Opinion
CRIMINAL ACTION NO. 18-223
09-21-2018
SURRICK, J. MEMORANDUM
Presently before the Court is Defendant Julian Terrell Turk's Motion to Dismiss the Indictment (ECF No. 31). For the following reasons, Defendant's Motion will be denied.
I. BACKGROUND
On May 24, 2018, the Government filed a one-count Indictment alleging that Defendant Julian Terrell Turk made a threat in violation of 18 U.S.C. 875(c). The Indictment states:
1. On or about May 3, 2018, in Levittown, in the Eastern District of Pennsylvania, defendant JULIAN TERRELL TURK contacted Person #1, known to the grand jury, in Los Angeles, California, by a cellular telephone call using the internet telephone service WhatsApp, and told Person #1 that defendant TURK, intended to assault D.A. on sight so severely that D.A. would require hospitalization, and also intended to assault D.A.'s wife.
2. On or about May 3, 2018, in Levittown, in the Eastern District of Pennsylvania, and elsewhere, defendant JULIAN TERRELL TURK knowingly and willfully transmitted in interstate commerce a threatening communication to others, that is, an internet telephone call containing a threat to injure another person, by threatening to assault D.A., and D.A.'s wife.
(Indictment, ECF No. 14.)In violation of Title 18, United States Code, Section 875(c).
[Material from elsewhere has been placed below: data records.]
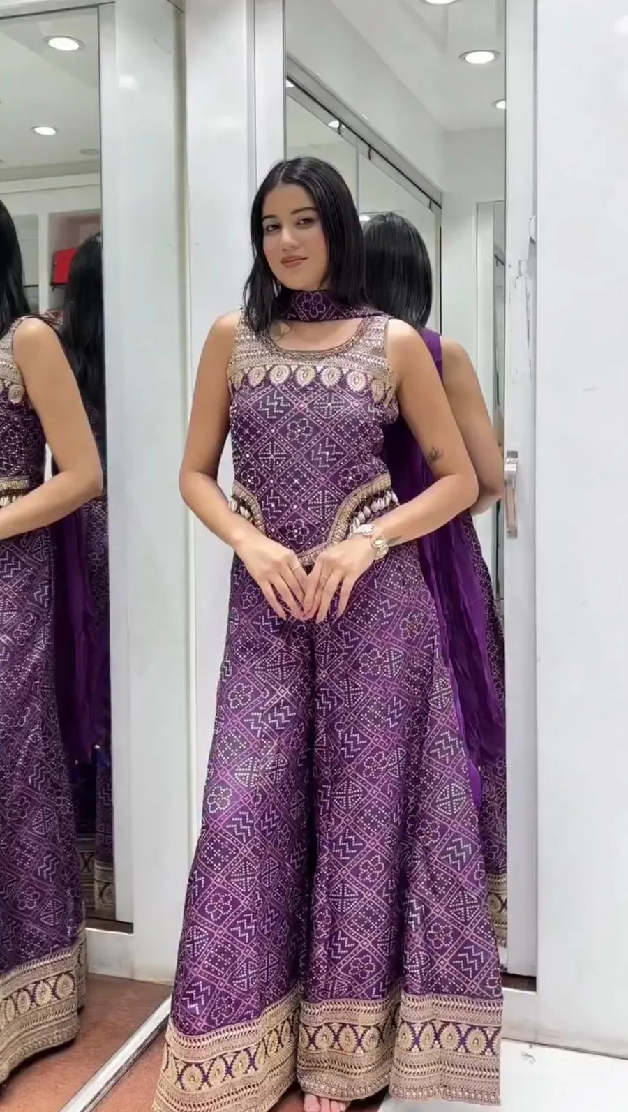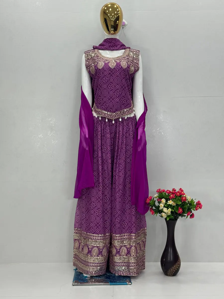 MODERN GEORGETTE FANCY DIGITAL PRINT WITH EMBROIDERY SEQUENCE AND LACE WORK TOP PALAZZO WITH DUPATTA PURPLE
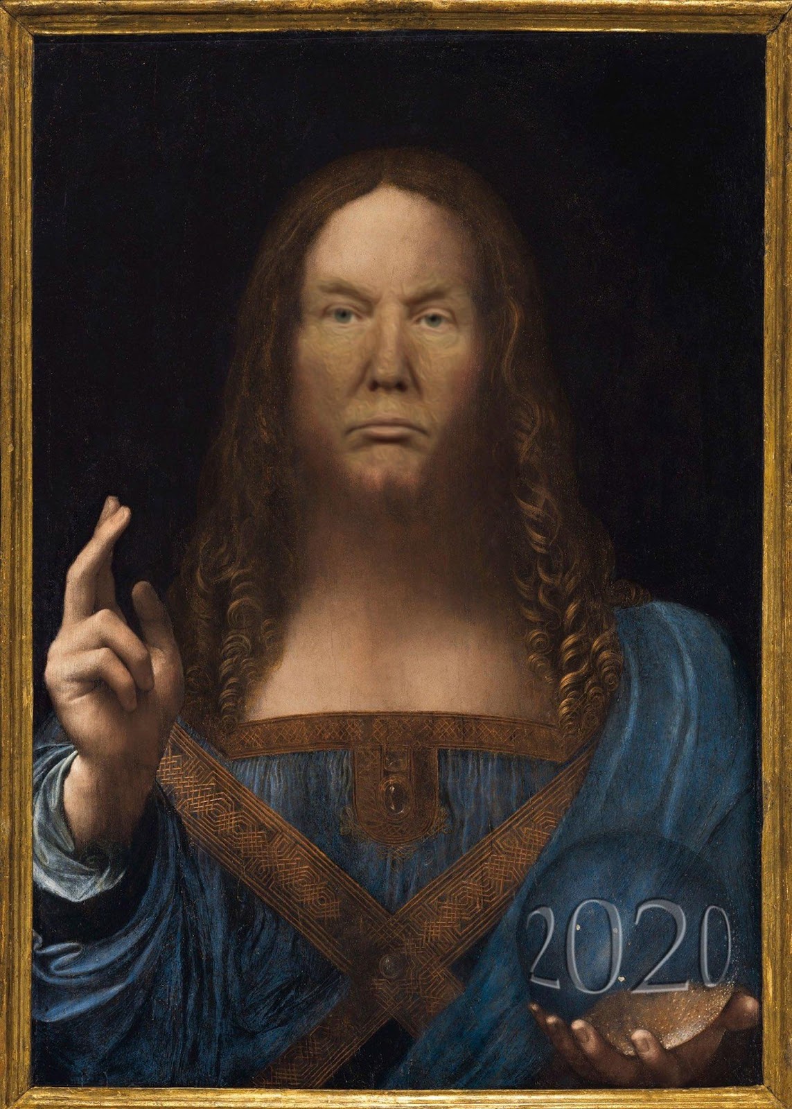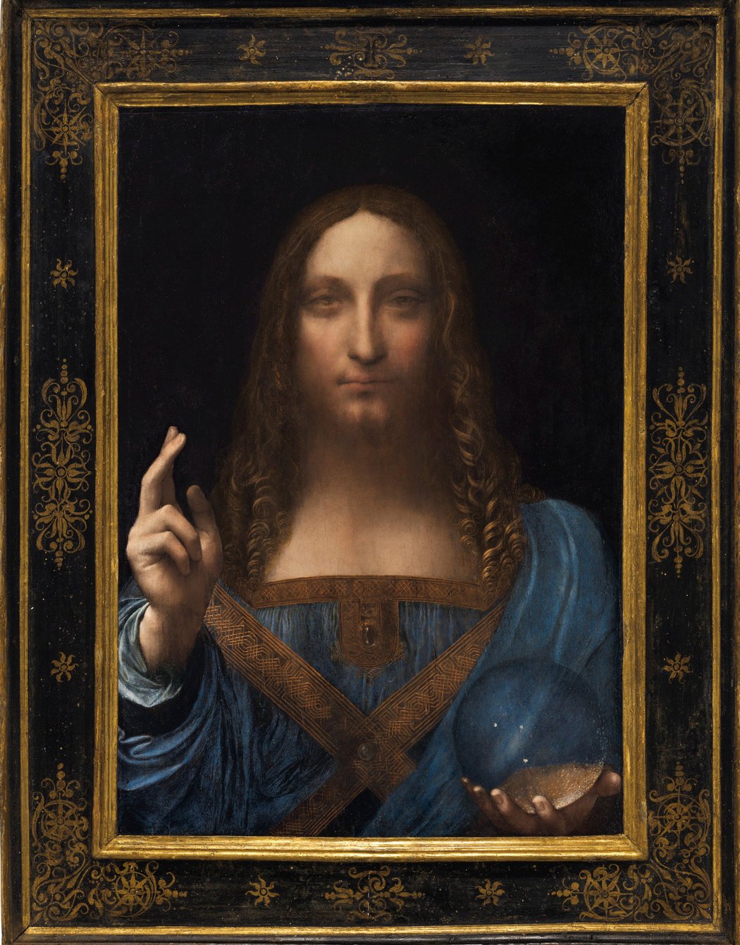 Looks like someone took his advice. Hours before writing this, Leonardo da Vinci’s Salvator Mundi sold at a Christie’s auction for a record-breaking $450.3 million. Touted as “the Last da Vinci” by the international auction house, the painting sold to the highest bidder on the night of November 15, 2017. The other fifteen or so surviving works by the famed Renaissance artist and thinker are housed in museums, and unattainable to private collectors. The masterpiece above was edited by art critic Jerry Saltz, but the actual painting of Jesus holding a crystal orb in his left hand, and raising his right hand in a gesture of blessing, can be seen below:
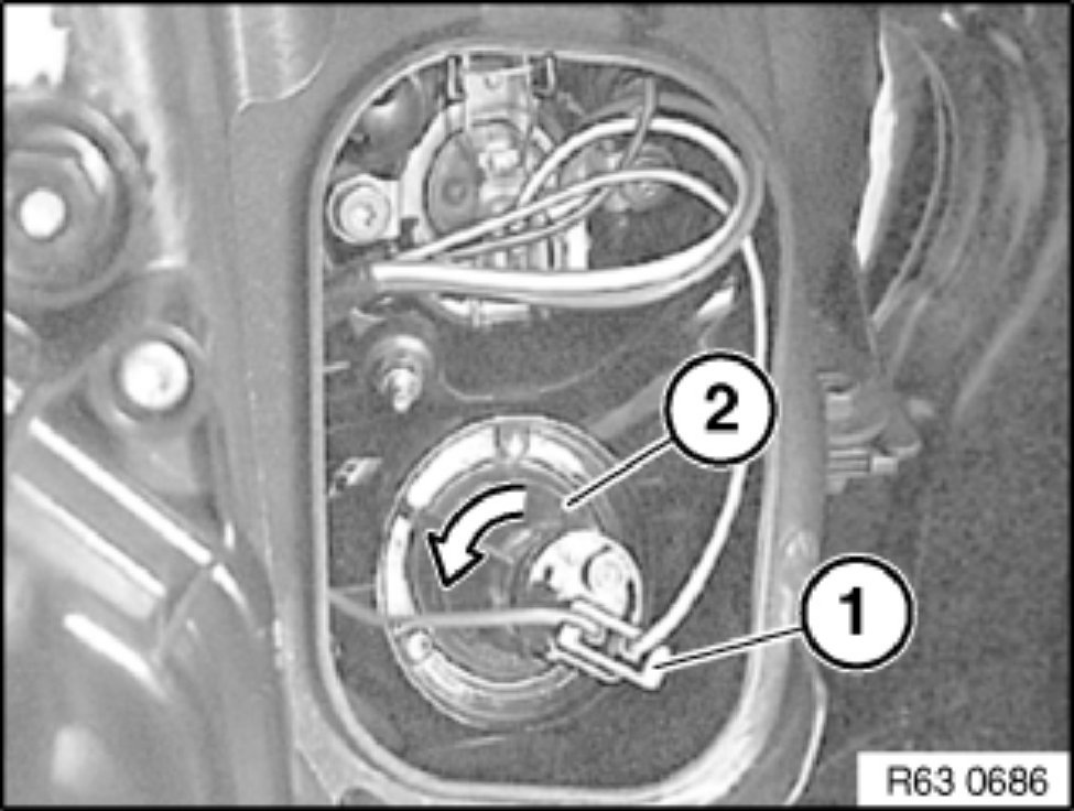 Turn bulb holder (2) through approx. 90 degrees in direction of arrow and remove.
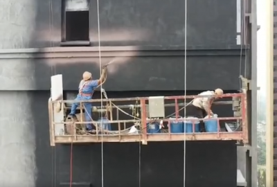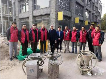 真石漆噴涂機 溫馨走進施工現(xiàn)場 展示團隊關
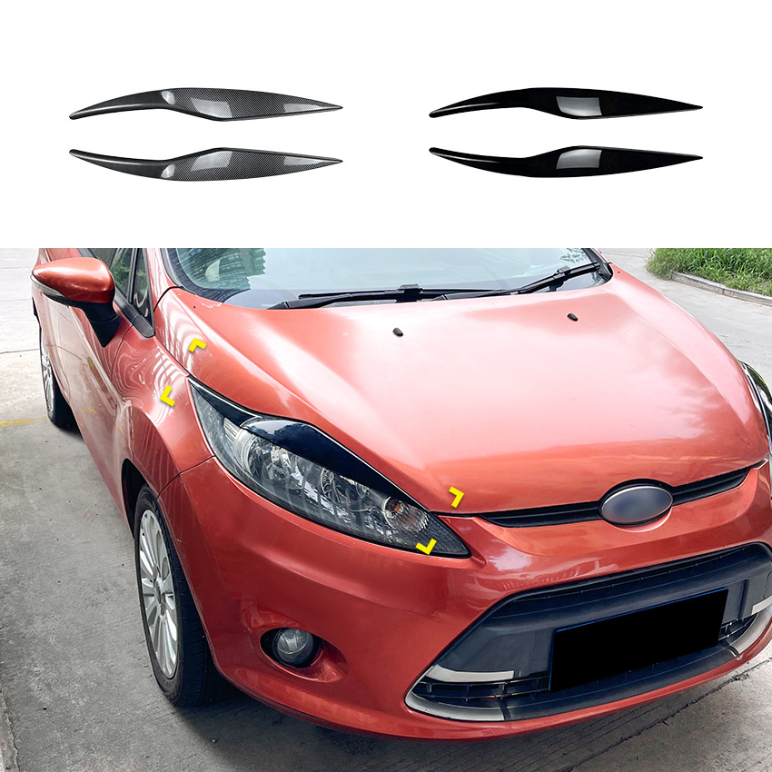 Gloss Black Front Headlight Eyebrow Eyelid Trim for Ford Fiesta MK6 (2008-2012)
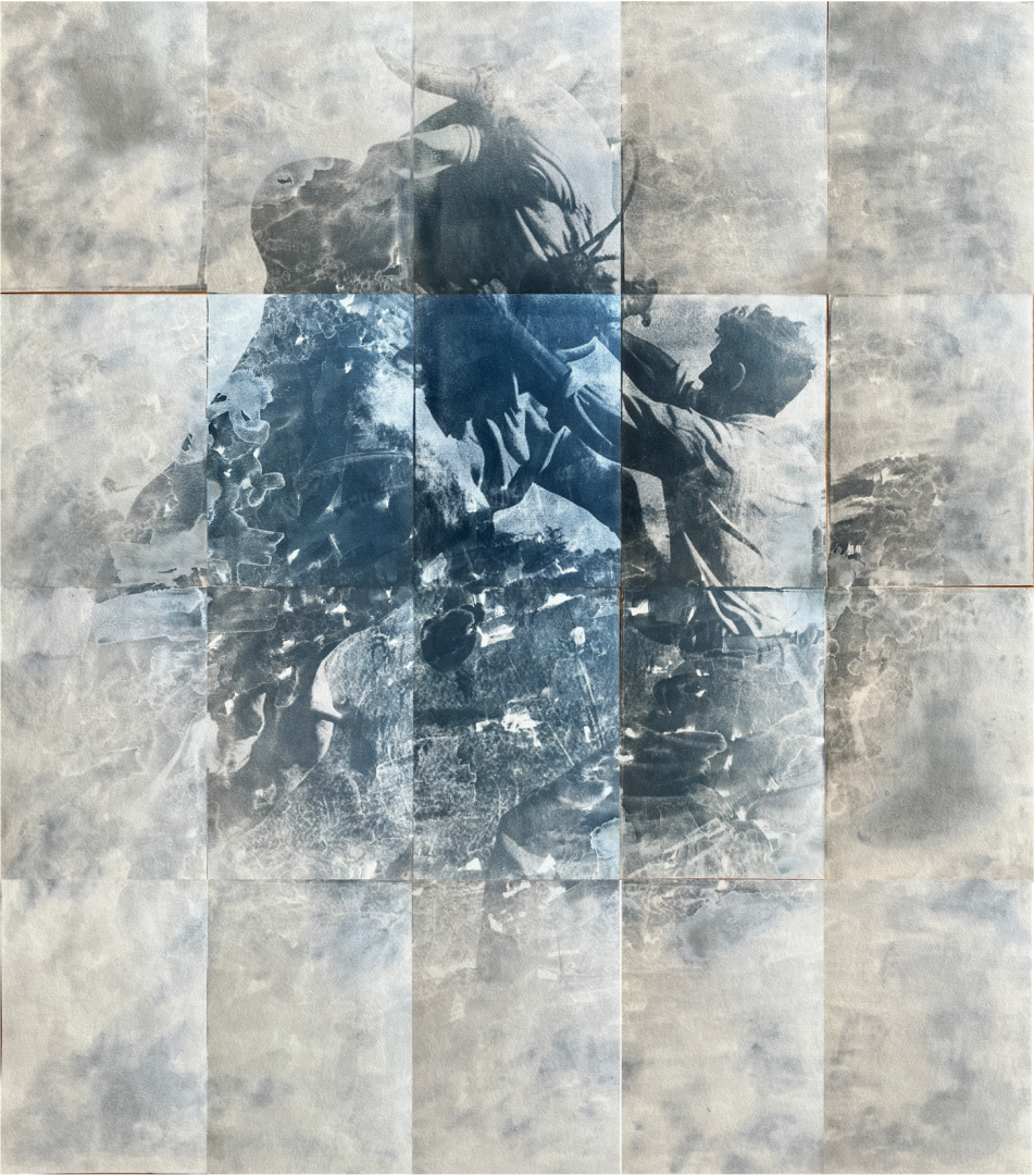“Não tenho medo de você” é composta por um mosaico de vinte cianotipias que, reunidas, formam a imagem de um homem e um boi em situação de confronto. O boi, erguido sobre as patas traseiras, avança contra o homem, que o segura pelo pescoço com as mãos. A densidade das texturas reforça o caráter visceral da cena, criando uma atmosfera carregada de tensão e intensidade. A obra joga com o paradoxo do medo, desafiando o espectador a refletir sobre quem teme quem; quem é o verdadeiro inimigo e o que resta quando o confronto é inevitável - quando a fúria é a única resposta possível.
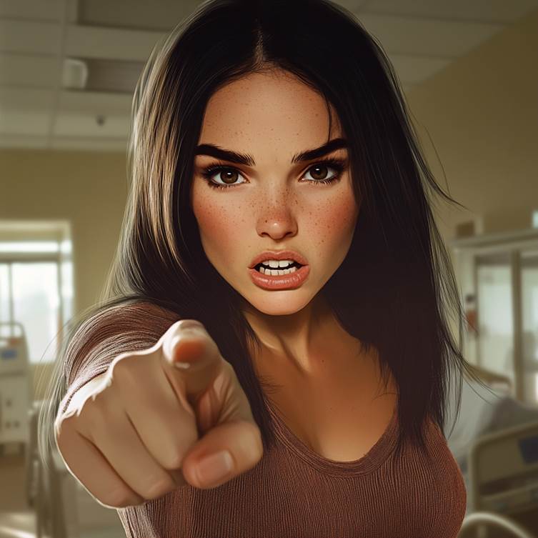 A woman pointing a finger | Source: Midjourney
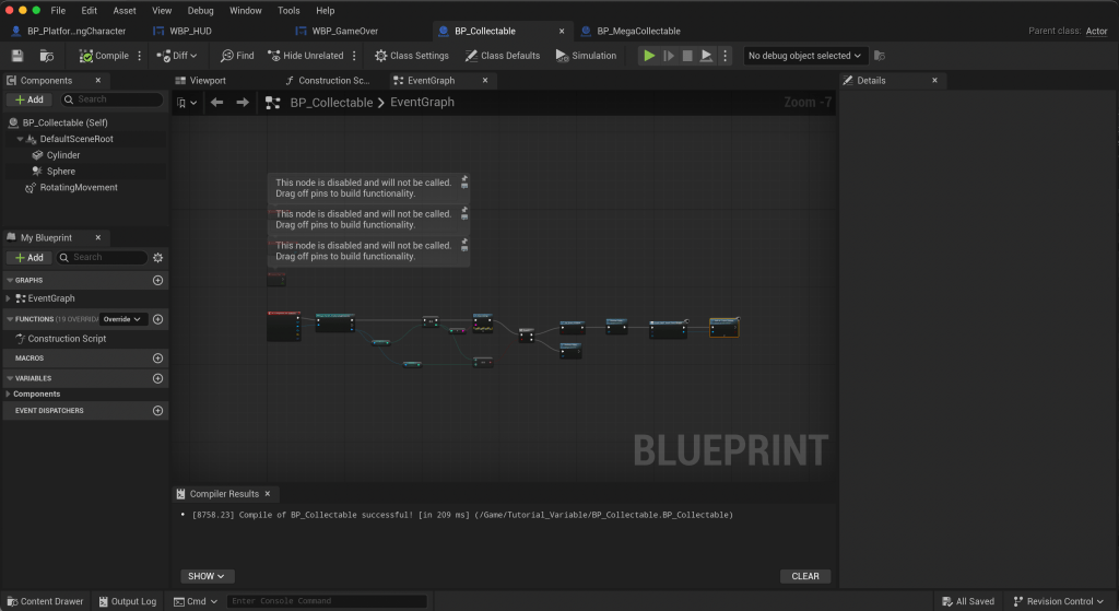 During the tutorial, I was able to get used with blueprint logic, and basic understanding of collision(responsive effect when the character hits certain object) and material.
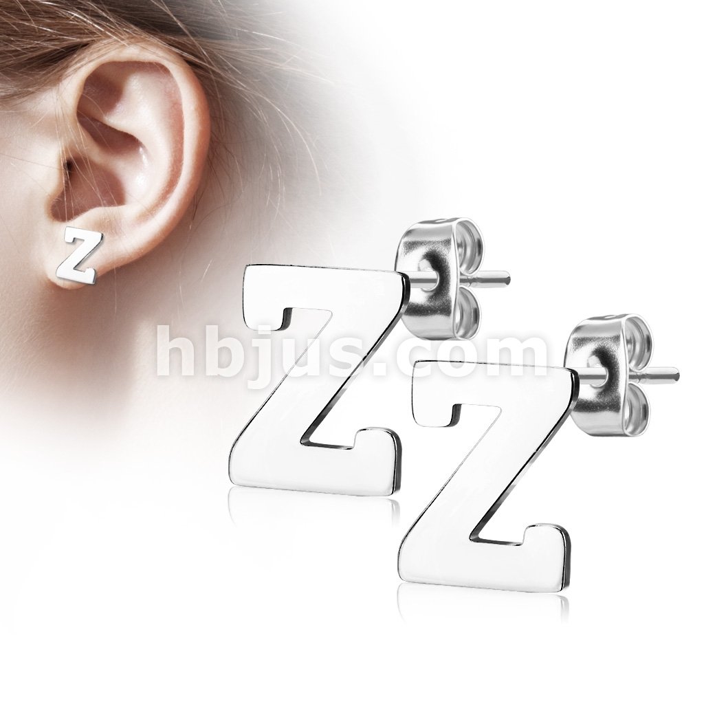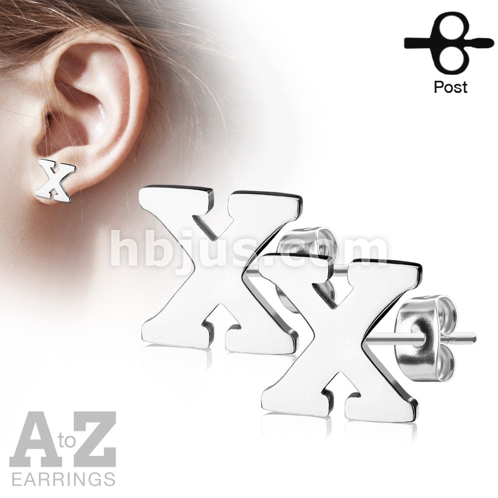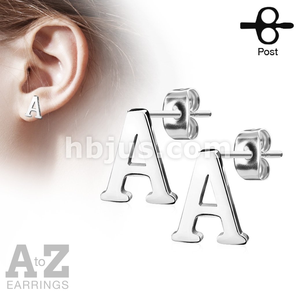 Pair of Alphabet Initial 316L Stainless Steel Earrings 52pc Pack (26 Alpahabet Pairs x 2)
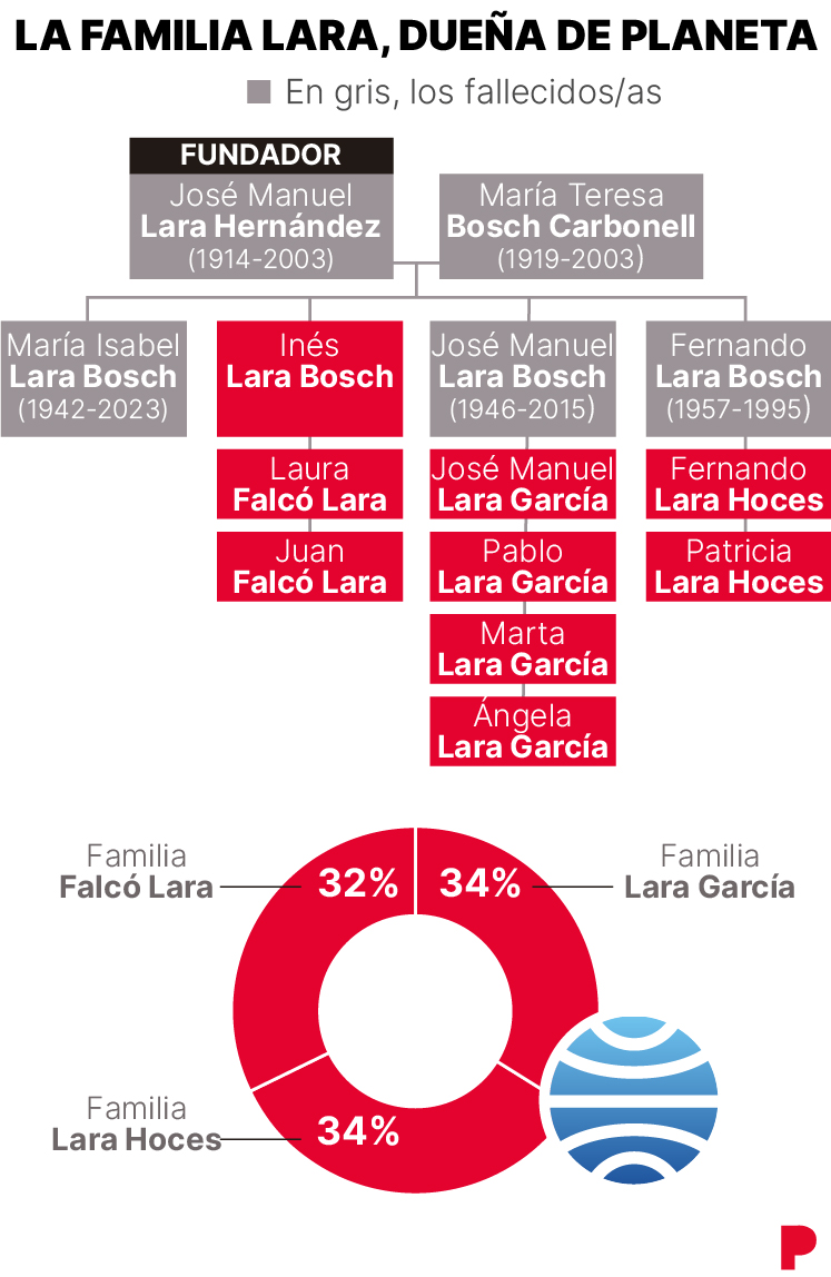 El capital de Planeta estaba dividido en cuatro: los Lara Bosch; los Lara Hoces -hijos de Fernando Lara; los Falcó Lara -hijos de Inés Lara- y María Isabel, la única de los cuatro hijos del fundador que no tuvo descendencia. Esta última falleció el año pasado y su participación del 24% se repartió entre las otras tres ramas familiares. Así, los Lara García, que tenían el 26%, pasaron a controlar el 34%, al igual que los dos hijos de Fernando Lara, el que estaba llamado a ser el gran mandamás y que falleció en un accidente en 1995; también elevaron su participación al 34%, mientras que los Falcó Lara, hijos de Inés Lara Bosch, pasaron del 24% al 32%.

On September 7, 2018, Turk filed a Motion to Dismiss the Indictment pursuant to Rule 12(b) of the Federal Rules of Criminal Procedure, arguing the Indictment "fails to set forth all the essential elements of the offense." (Mot. to Dismiss ¶ 7) The Government filed a Response to Defendant's Motion on September 14, 2018 (ECF No. 32) and the Court heard oral argument regarding the Motion and Response on September 19, 2018.
II. LEGAL STANDARD
The Federal Rules of Criminal Procedure require that an indictment "be a plain, concise, and definite written statement of the essential facts constituting the offense charged." Fed. R. Crim. P. 7(c)(1). An indictment is sufficient if it "(1) contains the elements of the offense intended to be charged, (2) sufficiently apprises the defendant of what he must be prepared to meet, and (3) allows the defendant to show with accuracy to what extent he may plead a former acquittal or conviction in the event of a subsequent prosecution." United States v. Huet, 665 F.3d 588, 595 (3d Cir. 2012) (citation omitted). In addition, "the Federal Rules 'were designed to eliminate technicalities in criminal pleadings and are to be construed to secure simplicity in procedure.'" United States v. Resendiz-Ponce, 549 U.S. 102, 110 (2007) (quoting United States v. Debrow, 346 U.S. 374, 376 (1953)).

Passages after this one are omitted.